A quoi servent la Foire Made In Togo et le mois de consommer local ? : Mévente généralisée, riziculteurs de Kovié dans la tourmente et le désastre
Au Togo, les gouvernants sont plus dans la propagande abjecte.
Plusieurs initiatives sont juste pour endormir la population et entretenir le folklore.
Juste la semaine dernière du 26 au 28 mai 2026 une nouvelle édition régionale de la foire « Made in Togo », organisée par le Centre togolais des expositions et foires (CETEF Togo 2000) au stade municipal de Sokodé a lieu sous l’égide du ministère chargé du Commerce et du Contrôle de la qualité.
Le CETEF et ses partenaires entendent ainsi promouvoir le « consommer local », dans un contexte où le gouvernement togolais dit chercher à renforcer la transformation locale, soutenir les PME et réduire la dépendance aux importations.
Dans le décor avec les autorités administratives, opérateurs économiques, artisans et transformateurs agroalimentaires, il a été mis en avant le rôle économique des produits « Made in Togo » dans la création d’emplois et la valorisation des savoir-faire locaux.
Concrètement, que fait-on alors pour appuyer les producteurs locaux dans leur engagement de traduire dans les faits la vision annoncée des autorités?
Riziculteurs de Kovié dans la tourmente et le désastre
Les populations de Kovié, dans la Préfecture de Zio, ont célébré le 25 mai 2026 la 25I” édition de la fête traditionnelle « Kovié DukT Kpedazã », en présence de membres du gouvernement, de députés et de sénateurs.
Placée sous le thème de l’engagement collectif pour un développement harmonieux et durable, cette célébration est un cadre d’échanges sur les défis du canton, notamment dans les secteurs de l’éducation, de l’agriculture, de l’autonomisation des femmes et des jeunes ainsi que des infrastructures sociales.
Mais tout le monde n’avait pas le cœur à la fête.Les riziculteurs de Kovié et Assomé ont perdu le sommeil depuis plusieurs mois.
Pour cause: la mévente du riz de Kovié. Les producteurs ont plusieurs centaines de tonnes de stock de riz non vendus au moment où le riz importé au Togo a grandement envahi le marché.
Un tour dans la zone laisse voir des producteurs au désarroi.
«Nous avons en magasin la production de 2024 et celle de 2025 et nous nous apprêtons comme cela pour la petite campagne.
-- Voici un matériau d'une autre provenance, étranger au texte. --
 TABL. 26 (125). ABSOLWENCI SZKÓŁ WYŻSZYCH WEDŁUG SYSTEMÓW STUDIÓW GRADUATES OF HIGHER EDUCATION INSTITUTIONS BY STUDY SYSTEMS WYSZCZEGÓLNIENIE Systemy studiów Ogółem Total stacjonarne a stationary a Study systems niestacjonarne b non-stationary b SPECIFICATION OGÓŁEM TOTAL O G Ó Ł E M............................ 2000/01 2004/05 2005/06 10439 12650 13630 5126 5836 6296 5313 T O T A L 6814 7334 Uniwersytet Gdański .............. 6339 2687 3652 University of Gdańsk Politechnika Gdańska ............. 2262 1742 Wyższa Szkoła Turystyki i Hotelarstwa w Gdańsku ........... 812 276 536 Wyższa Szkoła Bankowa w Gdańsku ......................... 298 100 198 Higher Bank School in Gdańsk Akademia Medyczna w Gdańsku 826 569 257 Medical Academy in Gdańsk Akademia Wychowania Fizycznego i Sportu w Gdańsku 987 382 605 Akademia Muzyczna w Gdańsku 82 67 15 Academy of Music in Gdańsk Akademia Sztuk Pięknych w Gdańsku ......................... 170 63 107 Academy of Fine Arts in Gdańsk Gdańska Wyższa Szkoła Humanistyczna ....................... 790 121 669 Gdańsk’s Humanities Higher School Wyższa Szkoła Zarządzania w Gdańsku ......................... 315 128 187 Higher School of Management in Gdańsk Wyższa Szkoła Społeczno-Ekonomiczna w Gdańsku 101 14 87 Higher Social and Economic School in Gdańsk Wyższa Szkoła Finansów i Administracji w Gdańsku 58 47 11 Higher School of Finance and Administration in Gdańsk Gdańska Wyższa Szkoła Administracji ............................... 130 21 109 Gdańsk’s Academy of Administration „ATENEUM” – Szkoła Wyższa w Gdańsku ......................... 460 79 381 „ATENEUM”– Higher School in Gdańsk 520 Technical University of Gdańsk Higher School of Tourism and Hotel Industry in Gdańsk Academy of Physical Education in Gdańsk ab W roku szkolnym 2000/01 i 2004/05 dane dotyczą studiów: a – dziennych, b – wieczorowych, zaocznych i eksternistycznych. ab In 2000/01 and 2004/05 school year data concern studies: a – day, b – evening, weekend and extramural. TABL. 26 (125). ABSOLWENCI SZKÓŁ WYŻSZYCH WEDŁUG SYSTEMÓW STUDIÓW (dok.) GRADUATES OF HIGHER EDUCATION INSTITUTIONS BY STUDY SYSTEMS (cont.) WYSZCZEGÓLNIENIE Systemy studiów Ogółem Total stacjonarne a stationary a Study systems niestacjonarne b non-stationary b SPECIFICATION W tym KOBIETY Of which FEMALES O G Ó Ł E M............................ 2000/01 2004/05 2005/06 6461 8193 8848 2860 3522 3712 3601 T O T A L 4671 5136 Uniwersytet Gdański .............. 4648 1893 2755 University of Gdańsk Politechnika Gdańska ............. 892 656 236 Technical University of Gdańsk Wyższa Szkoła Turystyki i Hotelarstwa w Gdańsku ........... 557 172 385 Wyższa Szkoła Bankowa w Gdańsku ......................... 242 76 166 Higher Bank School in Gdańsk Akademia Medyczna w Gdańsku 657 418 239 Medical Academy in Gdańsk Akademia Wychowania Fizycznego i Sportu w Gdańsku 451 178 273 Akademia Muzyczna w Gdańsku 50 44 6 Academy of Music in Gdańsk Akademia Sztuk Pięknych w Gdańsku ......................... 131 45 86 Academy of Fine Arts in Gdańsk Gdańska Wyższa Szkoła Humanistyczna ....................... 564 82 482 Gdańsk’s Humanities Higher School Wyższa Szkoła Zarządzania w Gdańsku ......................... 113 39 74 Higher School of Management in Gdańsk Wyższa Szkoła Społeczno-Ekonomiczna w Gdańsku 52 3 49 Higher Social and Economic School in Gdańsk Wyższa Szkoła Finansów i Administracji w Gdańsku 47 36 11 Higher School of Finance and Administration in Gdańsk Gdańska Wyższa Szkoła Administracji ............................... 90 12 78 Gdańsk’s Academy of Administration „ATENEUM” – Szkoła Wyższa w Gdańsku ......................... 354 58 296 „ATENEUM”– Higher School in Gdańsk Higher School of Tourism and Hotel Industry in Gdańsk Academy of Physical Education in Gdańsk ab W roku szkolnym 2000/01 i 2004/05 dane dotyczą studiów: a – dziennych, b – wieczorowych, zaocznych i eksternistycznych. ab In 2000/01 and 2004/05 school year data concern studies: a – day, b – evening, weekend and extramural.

A mon niveau seul , j’ai plus de mille tonnes, je n’ai plus d’argent pour continuer «, a confié dépité un producteur. Pourtant, Union Cantonale des Riziculteurs de Mission-Tové/Asome)-Vallée de Zio (UCARIM) , une coopérative agricole majeure basée dans la Préfecture de Zio, au Togo indique avoir mené plusieurs démarches auprès des autorités pour leur faciliter l’accès au marché sans suite.
Cette coopérative nourrit de nobles ambitions dans le consommer local et se consacre au développement de la riziculture, à l’autosuffisance alimentaire et à l’amélioration des conditions de vie des petits producteurs locaux. Le riz de Kovié très apprécié de consommateurs ne coûte que 12.500 FCFA le sac de 25 kg.
Il a été juste écrasé par la concurrence déloyale du riz importé.
Comme cela a été fait pour le tilapia, il importe que les ministres du commerce et de l’agriculture sortent de leur léthargie pour sauver ces producteurs à l’agonie.